Пока бойцов центурии разводили по вагонам, обнаружилось, что среди них есть и еще раненые. У одного согнутая рука покоилась в черной завязанной вокруг шеи косынке, у второго глаз был прикрыт толстым слоем ваты и поверх марли крест-накрест залеплен пластырем, третий, хотя и стоял в строю, прихрамывал на обутую в мягкую домашнюю туфлю правую ногу.

В наш вагон, где для них безропотно очистили место, тоже ввели восемь человек. Все эти восемь ветеранов были молоды, но когда, гортанно переговариваясь, они пробирались по проходу, я, давая дорогу, испытывал перед ними такое искреннее преклонение, какое, несмотря на невыгодную для меня разницу лет, было сродни лишь наивному детскому преклонению Пети Ростова перед Васькой Денисовым или Долоховым.

Едва поезд тронулся, как поместившиеся у двери напротив меня Лягутт и Фернандо отправились знакомиться с немцами. Вскоре пробиться к предпоследнему купе стало невозможно. Однако уже через час наплыв любопытных стал спадать: интерес к новым спутникам понемногу вытеснили совершенно неописуемые виды, которые открывались нам. Наконец даже наиболее упорные Лягутт и Фернандо, до одури накурившиеся с немцами, вернулись на свои места.

— Славные парни, — резюмировал Лягутт. — Двое говорят по-французски, но ничего особенного не рассказывают. Смеются. Сами, говорят, увидите. А с остальными не разговоришься. Только по-немецки. Да еще по-испански научились. С ними Фернан поболтал. Но куда им. По-испански он их забивает, — заключил Лягутт с оттенком гордости за Фернандо, на своем родном языке, оказывается, забивающего немцев.
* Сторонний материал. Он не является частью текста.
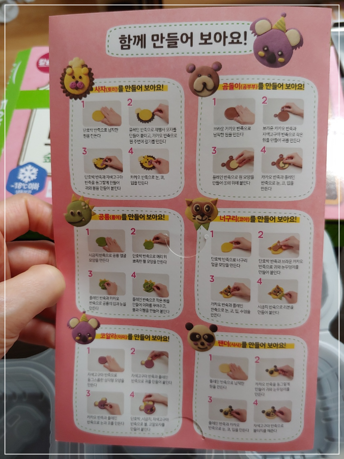 설명서에는 여섯가지 동물캐리터가 있는데요. 만들어 보니 반죽량은 저 동물들을 2개씩 만들 수 있는 양이었어요. 조금 남은 양으로 우리 아이는 엄마, 아빠 얼굴을 만들었고, 풀무원 토이쿠키 만들기에 포함되어 있는 비닐 포장지가 2개 있었는데 거기에 엄마, 아빠에게 각각 나누어 선물로 주더군요. 플라스틱 캐리턱용기와 설명서를 다음에 색깔반죽 만들어서 한번 더 활용하려고 냉장고 옆에다 부착해 두었어요.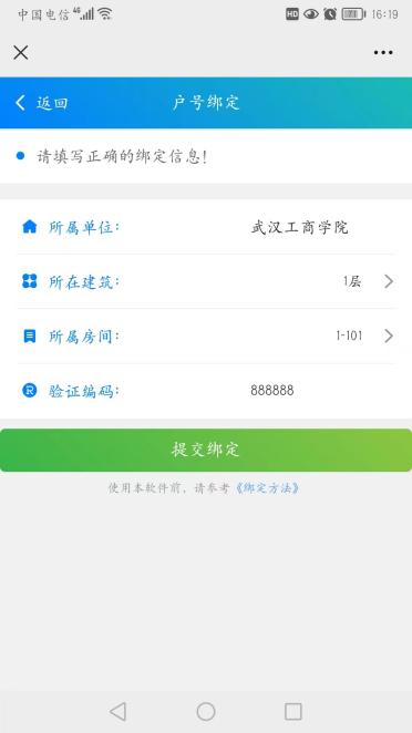 三、提示框选择“确定”;所属单位填写“AWC万象城娱乐”;所在建筑选择“楼栋和楼层”后确定;所属房间选择“房间号”后确定;验证编码输入“888888”后提交绑定;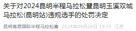 依照《2024昆明半程馬拉松暨昆明玉溪雙城馬拉松(昆明站)競賽規(guī)程》第十一條處罰辦法相關(guān)規(guī)定,給予A11135號選手路某如下處罰: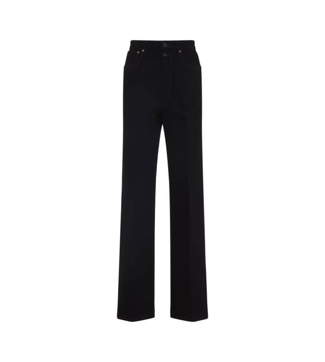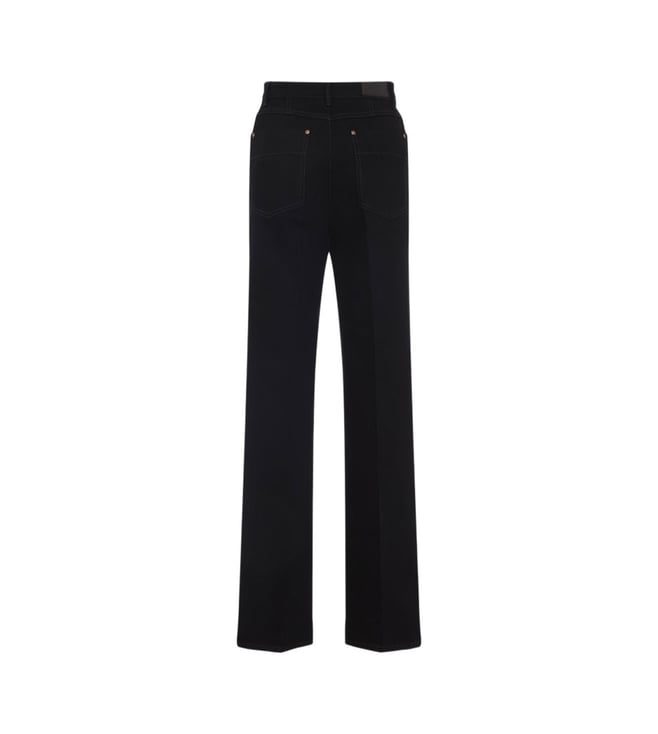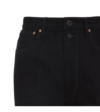 Elevate your wardrobe with the Lemaire Black Straight Fit Trousers. Designed with navy blue, cotton, twill weave, dart detailing, mid-rise, straight leg, slip pockets to the sides, rear patch pocket, unlined, belt loops, concealed front button, hook and zip fastening, detachable lace-up fastening at the waist, lace-up fastening to the ankles, outer: cotton 100%, this piece fits true to size. we recommend you get your regular size, model is 1, 75m / 5ft 8in wearing size 36 (fr), these trousers combine comfort and sophistication for everyday wear.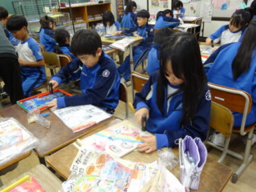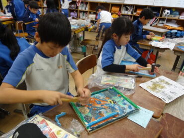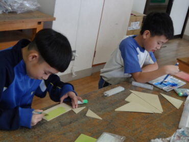 4年生は図画工作科で「カクカク板を組み合わせたら」に取り組んでいます。長方形の板をのこぎりを使って切り分け、できた形を組み合わせて作品をつくります。のこぎりで板を切ったり、板に色を付けたり、色を付けた板を組み合わせたりして、作品づくりを楽しんでいます。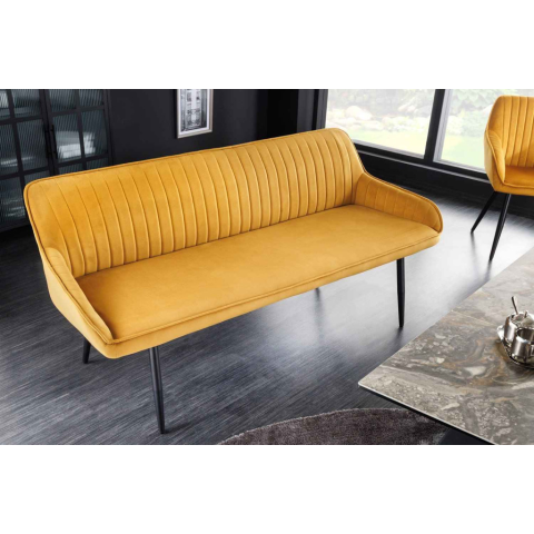 Design ülőpad Esmeralda 160 cm mustársárga bársony Adjon belsőjének egy kis varázst és eleganciát. Az Esmeralda paddal ez egyszerű. Mindenki számára készült, aki stílusosan szeretne pihenni. A bájos bársonyhuzat jellegzetes dekoratív varrással és fém lába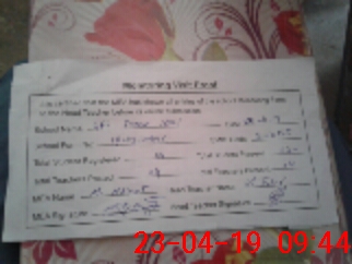 | Attendance Register | Head Teacher | MEA with School | Visit Proof |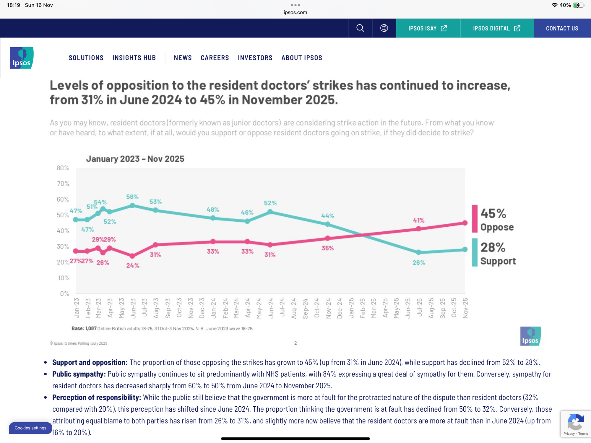 As I also noted in last week’s column, public support continued throughout the (then)-junior doctors’ salary strikes against the last Conservative Government in 2023-24. The strikes became less popular as they went on and on, but they never dropped below a majority of public support.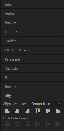 Sometimes, you may need to align elements to the composition rather than other layers or objects. To quickly align a layer to the composition, select the layer, and then press “Ctrl/Cmd + Alt/Option + Shift + H”. This hotkey centers the layer horizontally, vertically, or both, depending on your selection. It’s a handy shortcut for achieving composition-based alignment.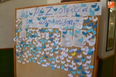 En lo referente a la conmemoración en el IES Fray Diego Tadeo de Ciudad Rodrigo, todos los miembros de la Comunidad Educativa que lo desearon pudieron dejar mensajes o ideas sobre lo que supone para ellos la paz en el gran panel situado en el hall del centro. Mientras, en la pantalla de televisión situado en ese mismo hall se fueron proyectando alusiones a la jornada, a la par que por el hilo musical sonaron canciones como el Imagine de John Lennon.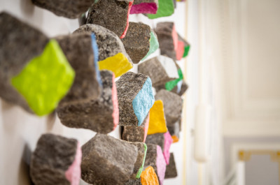 Pascale Marthine Tayou - Big Colorful Stones 2019, Granite setts, paint, About 2 m diameter. Ph. by The St. Regis Rome.

Фернандо скромно ощерил свою заячью губу. Что касается меня, то я не мог оторваться от окна в коридоре. Как ни подмывало меня поподробнее расспросить первозванных антифашистов о приобретенном ими военном опыте, но сначала мешало сборище любопытствующих, запрудившее подступы к их купе, а затем отвлекло расстилавшееся за окном водное пространство, особенно после того, как там, куда мы ехали, разгорелся закат.

Поезд катил вдоль моря, иногда отдаляясь от него на несколько метров, чтобы обогнуть высокую скалу, иногда приближаясь так, что в окно проникал острый запах морских водорослей. Берег выглядел сплошным пляжем, а побережье — непрерывным курортом. По временам паровоз громко свистел, предупреждая станцию о своем приближении, и, весело стуча, пробегал через нее, а море то поднималось, то опускалось, и было так хорошо, что на какую-то секунду я вдруг ощутил себя ничем не связанным вольным путешественником и почти забыл, куда и зачем я еду… Но внизу на парапете промелькнули неумело начертанные мелом серп и молот, и я очнулся, но стал еще более счастливым, когда вспомнил, что не путешествую, а вместе со многими честными людьми еду куда надо.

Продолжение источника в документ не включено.